Puis, il se rendit à Bucarest, où il rencontra les voyageurs écossais Andrew Bonnar et Robert MacCain, prêtres et missionnaires de l’Église d’Écosse. Ils lancèrent en son nom une campagne de collecte de renseignements et d’information religieuse chrétienne (la Mission Belaz), dans le plus grand kibboutz juif des communautés israéliennes d’Europe de l’Est et du Moyen-Orient, y compris la Palestine et l’Égypte. Lorsqu’on leur demandait pour quelle raison avait-il entrepris un tel voyage, ils répondirent : ” Il [le Rav Bibas] nous a signifié que son voyage était pour le bien de son Peuple humilié, pour voir ce qu’il pouvait faire pour eux”. Les deux missionnaires vinrent à son auberge, accompagnés du banquier juif Shmuel Hillel ou il se rencontrèrent pour la première fois le lundi de Rosh Hashana 5599 (10 septembre 1839). De Bucarest, le Rav Bibas se rendit à Vienne, puis à Leipzig, où il tenta sans succès de faire imprimer deux de ses manuscrits. Il s’est ensuite rendu à Londres, où il a apparemment tenté de rencontrer Sir Moshe Montefiore.
Une lettre de Corfou parvint au Rav, à sa résidence de Livourne, le 16 mai 1841. Les dirigeants de la communauté ont demandé son retour et ont même envoyé l’un des piliers de la communauté, Menahem Romano, pour le supplier.

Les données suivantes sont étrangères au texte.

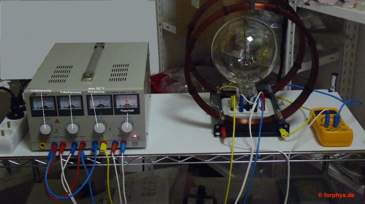 Im Fadenstrahlrohr (oder auch Wehnelt-Röhre) der Abb. 1 wird ein relativ scharf gebündelter Elektronenstrahl erzeugt, der zunächst geradlinig aus der Elektronenkanone austritt. Das Fadenstrahlrohr ist mit verdünntem Wasserstoff-Gas (mit einer kleinen Beimischung von Alkohol) gefüllt. Dadurch wird der Elektronenstrahl sichtbar. Die Elektronen bringen nämlich bei ihrem Durchtritt durch das Gas benachbarte Teile des Gases zu einem violetten Leuchten. Dabei werden die Elektronen an den Gasmolekülen etwas gestreut, der Strahl weitet sich auf und wird so um so deutlicher sichtbar.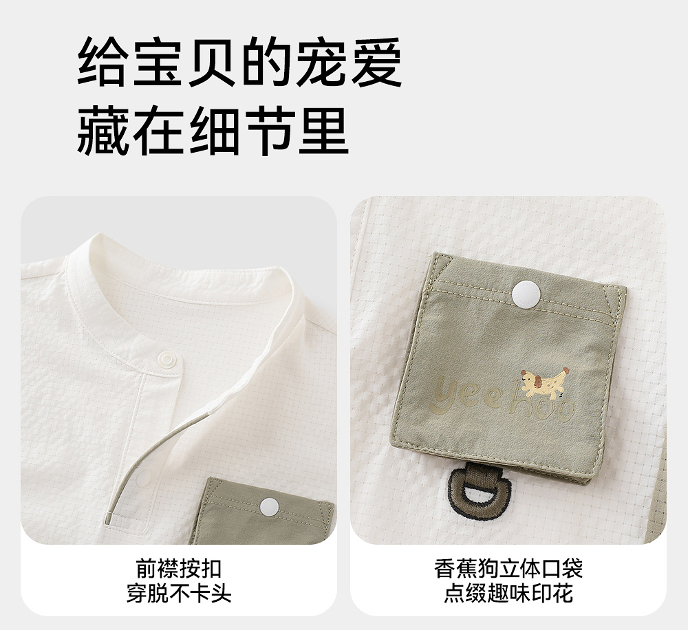 英氏婴儿衣服夏季透气速干月亮裆哈衣男宝短袖连体衣YRHBJ2R017A
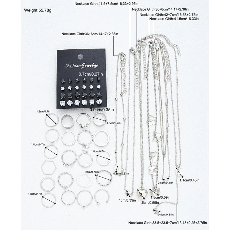 51 Pcs/Set Silver Color Chic Jewelry Set For Women Fashion Butterfly Heart Pearl Necklaces, Earrings, Rings, Match Daily Outfits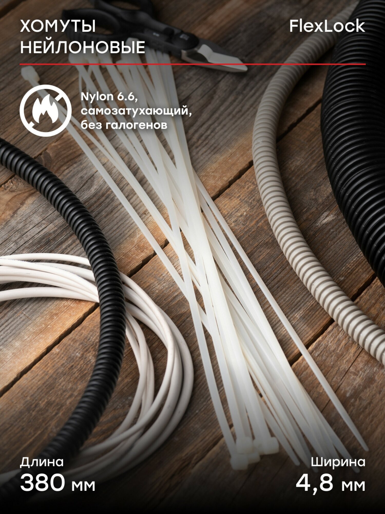 plc-fl-ctsw-4.8x380 Хомут P6.6 стандартный (б) 4.8x380 (100шт) FlexLock PROxima EKF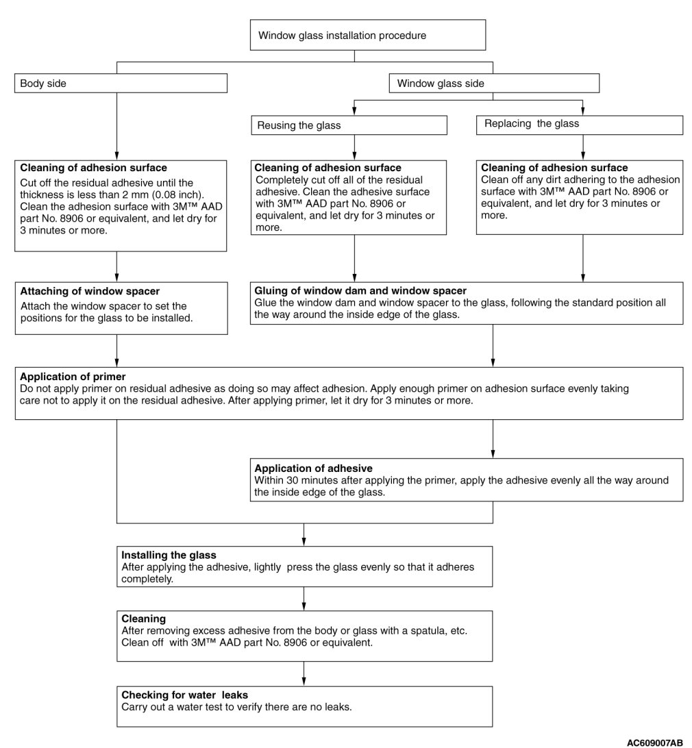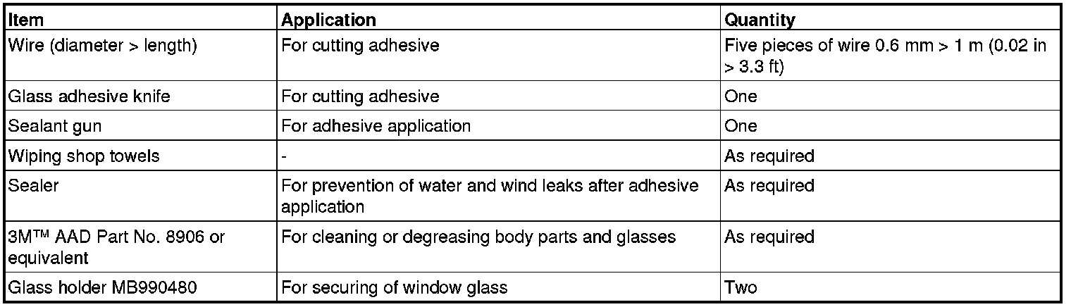 The windshield glass, quarter window glass and liftgate window glass are attached by an urethane-base adhesive to the window frame. This adhesive provides improved glass holding and sealing, and also gives body openings a greater structural strength.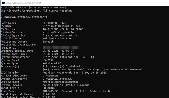 Isso é isto! Você terminou. É assim que você pode usar o CMD para verificar as especificações completas do seu PC no Windows 11.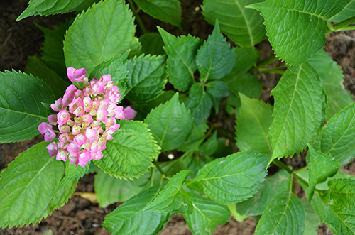 A díszkert szélén, viszonylag árnyékosabb részben bújik meg a hortenziám, ami pár napja végre ki is nyílt: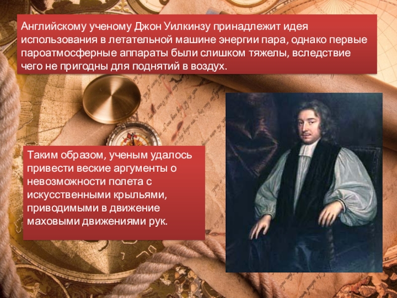 Английскому ученому Джон Уилкинзу принадлежит идея использования в летательной машине энергии пара, однако первые пароатмосферные аппараты были слишком тяжелы, вследствие чего не пригодны для поднятий в воздух.

Le 21 septembre 1841 (6 Tichri 5600), le Rav Bibas retourna à Corfou et devint le grand rabbin de toute la communauté juive locale.
En 1851, son épouse décède. Cet événement amer a apparemment précipité son projet d’immigrer en Israël. Ainsi, une décennie après le début de son second mandat, il a informé la communauté de Corfou de son profond désir de mettre fin à son poste et d’immigrer en Israël. il réalisa son rêve et s’installa en Terre d’Israël, accompagné de ses nombreux livres.
Il a pu apprendre la vie quotidienne en Israël, sa population et ses relations avec les autorités ottomanes grâce aux nombreux voyageurs qui fréquentaient ses résidences à Livourne et à Corfou et qui, comme lui, parcouraient les villes de Londres, Amsterdam et Rome, apprenant à connaître leurs espaces culturels. À Livourne, il avait eu l’occasion de rencontrer puis de correspondre avec le Shaddar Zoref et les Shaddars Yosef ben Israël Halevi de Jérusalem et Mordechai Ashio de Safed 20 ans plus tôt.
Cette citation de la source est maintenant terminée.